> [DATA SUPPLIED]:
——

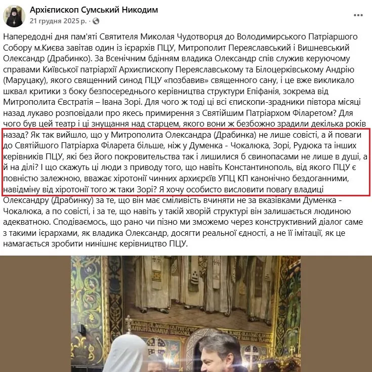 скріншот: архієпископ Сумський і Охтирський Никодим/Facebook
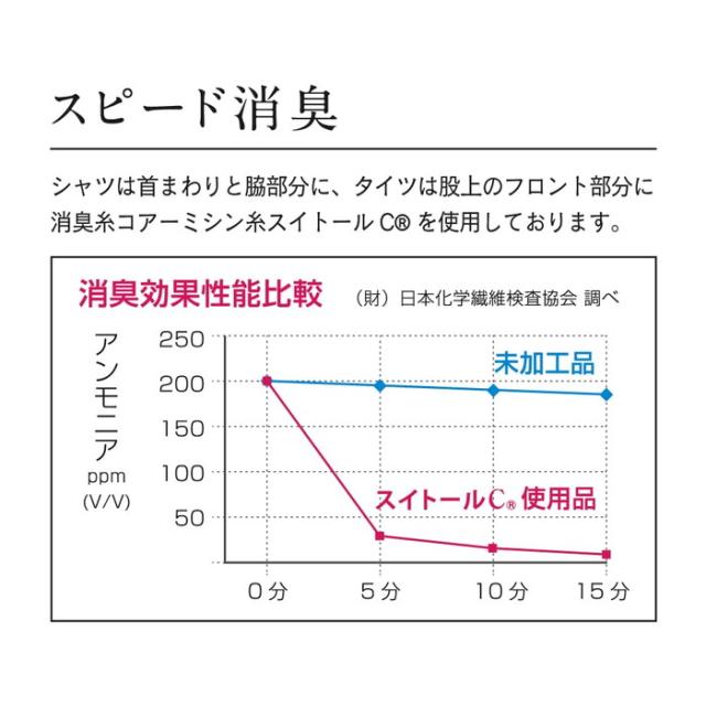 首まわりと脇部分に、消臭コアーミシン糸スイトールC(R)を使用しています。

——

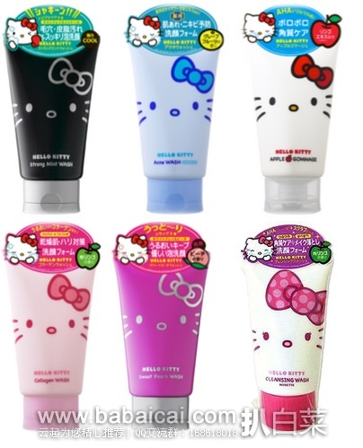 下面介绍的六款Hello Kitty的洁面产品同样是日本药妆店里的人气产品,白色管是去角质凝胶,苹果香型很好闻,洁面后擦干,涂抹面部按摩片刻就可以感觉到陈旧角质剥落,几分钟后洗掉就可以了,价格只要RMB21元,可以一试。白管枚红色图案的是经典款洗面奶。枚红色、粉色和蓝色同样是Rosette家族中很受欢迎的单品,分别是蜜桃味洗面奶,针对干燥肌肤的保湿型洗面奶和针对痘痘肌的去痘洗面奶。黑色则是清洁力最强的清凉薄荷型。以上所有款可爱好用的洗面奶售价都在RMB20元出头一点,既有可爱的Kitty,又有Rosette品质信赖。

——

> [AIM OF THE TASK]: Reproduce the data above exactly, but only from the line containing "скріншот: архієпископ Сумський" through the line containing "首まわりと脇部分に、消臭コアーミシン糸スイトールC(R)を使用しています。". Omit all pictures.

> [REPLY TO THE EXERCISE]:
 скріншот: архієпископ Сумський і Охтирський Никодим/Facebook
 首まわりと脇部分に、消臭コアーミシン糸スイトールC(R)を使用しています。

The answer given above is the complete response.